Make each item one or two words long.
Format your response as a list of items separated by commas.

Suggestions: '''{suggestions}'''
"""

printmd(get_completion(prompt))

Machine Learning, Cloud AI, Generative AI, AI in Digital Marketing, Computer Vision

# Summarization and Q&A 

The follwing section will read a PDF file and summarize it using the OpenAI API. Also, it will answer a few questions about the text.

In [20]:
import PyPDF2

In [24]:
# Read the PDF file and extract the text
text = ""
with open('regulation.pdf', 'rb') as pdfFileObj:
    pdfReader = PyPDF2.PdfFileReader(pdfFileObj)
    for i in range(pdfReader.numPages):
        text += pdfReader.getPage(i).extractText()

PdfReader stream/file object is not in binary mode. It may not be read correctly.


UnicodeDecodeError: 'utf-8' codec can't decode byte 0xd0 in position 10: invalid continuation byte

In [22]:
prompt = f"""Your task is to perform the following actions:
1 - Summarize the following text delimited by <> in at most 100 words. Focus on eligibility criteria, application process, and evaluation criteria.
2 - Translate the summary into French.
Text: <{text}>"""

printmd(get_completion(prompt))

Public Financing Regulation establishes guidelines for the allocation and management of public funds. Eligibility criteria include demonstrating public interest, complying with laws, and submitting a detailed proposal. The application process involves submitting an application form, presenting the proposal, and evaluation based on established criteria. Funds are allocated based on merit and alignment with public interest. Recipients are monitored for compliance and accountability measures are in place. Transactions involving public funds are documented and reports are published. An appeals and grievance mechanism is established. Non-compliance may result in suspension or legal action. The regulation is subject to review and amendments. Effective upon approval and publication. 

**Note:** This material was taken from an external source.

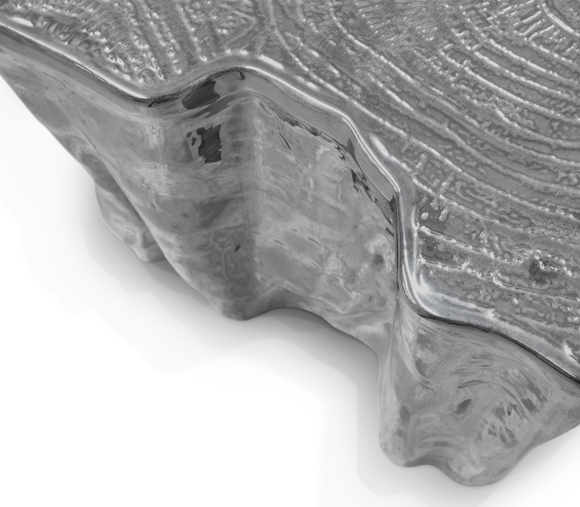 Eden is inspired by the mystic behind the name. This side table represents a part of the tree of knowledge and the tale of the birth of desire. Fully made of polished casted brass, with a delicately engraved top exposing the heart of a golden tree to the very heart of a home. Available a set of two side tables and also an elegant and highly decorative side table.

Réglementation sur le financement public établit des lignes directrices pour l'allocation et la gestion des fonds publics. Les critères d'éligibilité comprennent la démonstration d'un intérêt public, la conformité aux lois et la soumission d'une proposition détaillée. Le processus de demande implique la soumission d'un formulaire de demande, la présentation de la proposition et l'évaluation selon des critères établis. Les fonds sont alloués en fonction du mérite et de l'alignement avec l'intérêt public. Les bénéficiaires sont surveillés pour assurer la conformité et des mesures de responsabilité sont en place. Les transactions impliquant des fonds publics sont documentées et des rapports sont publiés. Un mécanisme d'appel et de plainte est établi. Le non-respect peut entraîner la suspension ou des poursuites judiciaires. La réglementation est sujette à révision et à des amendements. Entrée en vigueur après approbation et publication.

In [23]:
prompt = f"""Your task is to answer the following questions, based on text delimited by <>:
1 - What is the eligibility criteria for the funding?
2 - What is the maximum amount of funding that can be requested?
Text: <{text}>"""

printmd(get_completion(prompt))

1 - The eligibility criteria for the funding include demonstrating a clear and compelling public interest or benefit, complying with all applicable laws and regulations, and submitting a detailed proposal outlining the project or program's goals, budget, and expected outcomes.
2 - The maximum amount of funding that can be requested is not specified in the given text.